||| FROM MATTHEW GILBERT for ORCAS ISLAND LIT FEST |||
Former Wall Street Journal technology reporter and New Yorker business editor Vauhini Vara’s first book, The Immortal King Rao, was among the most highly anticipated releases of the year, and for good reason. Blending her nonfiction skills and experience covering the titans of the tech world with a humble family history in India and looming climate chaos, Vara blurs the line between fantasy and reality in a dystopian “what if” that feels all too real.
Vara will be among the guest artists at this weekend’s Orcas Island Lit Fest. She shared some of her thoughts about the book and her process writing it in the following interview:
Question: There are so many threads to this story – history, hubris, ambition, relationships, and the ultimate dangers of technology. What was your initial impulse in writing it, and how did the various pieces come together?
Answer: My first job out of college, in 2004, was as a technology reporter at the Wall Street Journal, where the main companies I wrote about were Oracle, run by Larry Ellison, and Facebook, run by Mark Zuckerberg. I became fascinated with these men — partly because they had built really successful, innovative companies but also because while they seemed all-powerful, they also faced serious pressures, especially from those who had invested in their companies.
Later, in 2009, I was on a leave of absence from the journal to attend graduate school when my dad, who grew up in a Dalit family on a coconut grove in South India, suggested that I write a novel based partly on his family. I thought it was a good idea, and as I began to write, I ended up with a character — King Rao — who is born on a coconut grove like my dad’s but ends up moving to the U.S. in the 1970s and starting a tech company.
Historically, my dad’s family used to be tenant farmers — they didn’t own the land on which they worked — but in the 20th century, as it began to be possible for Dalit families to own land, they ended up taking ownership of the land on which they’d worked for generations.
Question: What was your biggest challenge in the writing of King Rao?
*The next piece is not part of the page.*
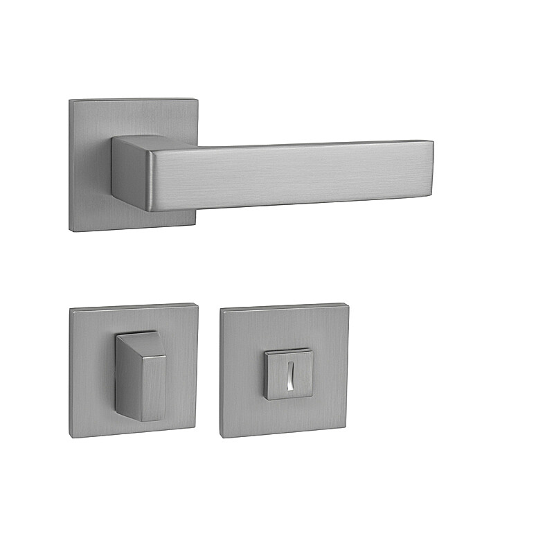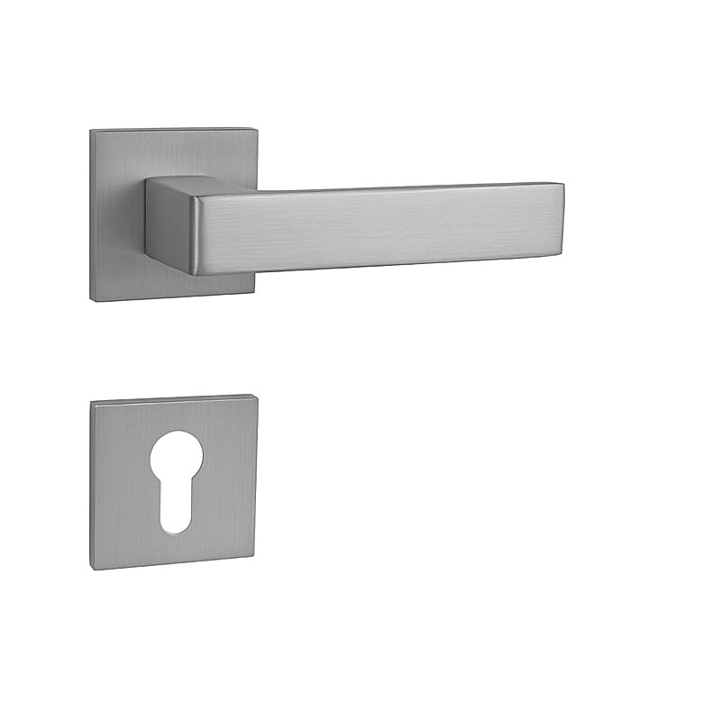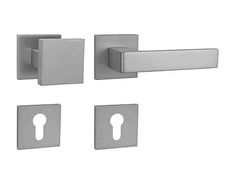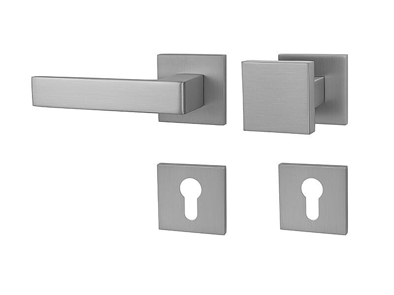 Der Rosettengriff für Innentüren mit quadratischer Rosette ist aus hochwertigen Materialien – Zamak – gefertigt und verfügt über eine Oberflächenbehandlung. Die Rosette hat die Maße 53 mm x 53 mm und eine Dicke von 6 mm.

Answer: The entire process was challenging, but I think the hardest part was imagining the dystopian future in which much of the novel takes place. I come from a literary fiction background — not a science fiction one — and I really had to learn new skills, like world-building, in order to make this story work.
I wanted to build a world that could plausibly arise over the next several decades if we keep moving in the direction we’re currently moving in — a world in which AI (artificial intelligence) algorithms play an even bigger role in corporate and government decision-making; a world in which the wealth gap between the richest and poorest is even wider; a world in which climate change has moved even further toward having devastating and irreversible consequences. Then I had to imagine that world. For that part, I relied partly on research: I read official reports that tried to predict the course of climate change, for example, and corporate white papers laying out how technology might be used to allow people to connect to the Internet with their minds (see Elon Musk’s Neuralink). All of that — plus my own imagining — played a role. As for how people engage with technology, it was important for me to show, in the novel, how technology is a human-made product — influenced by our own biases and greed — just like any other.
Question: Can you share something more of your intentions in writing the book beyond your initial impulse, and/or how the characters or the storyline shifted during the process?
Answer: The challenge I set for myself was to tell a story about global capitalism that took place in familial, domestic spheres. At first, the main character Athena was telling only the story of her father and his ascent; it was only over time that I became interested in her own narrative, and I made that more dominant.
Question: Do you feel that you’ve switched over from journalism to fiction writing?
Answer: Not at all. I began writing fiction in college and have consistently written and published fiction since — short stories, in literary journals. I’ve also consistently worked as a journalist and an editor, which I’ll continue to do. I love both fiction and journalism too much to abandon either one. In fact, I recently published a piece in Wired [“Fast, Cheap, and Out of Control: Inside Shein’s Sudden Rise”] — an investigation into a fashion company called Shein, which is the third most valuable private company in the world after SpaceX and TikTok’s parent company — a day after my novel came out.
Question: You spent a significant chunk of your upbringing in the Seattle area, and much of the story takes place in those environs. Is there something about this area that is especially appealing to you? Do you consider yourself a “PNW writer?”
Answer: I think of the Pacific Northwest as home — so, yes, I absolutely do proudly consider myself a Pacific Northwest writer!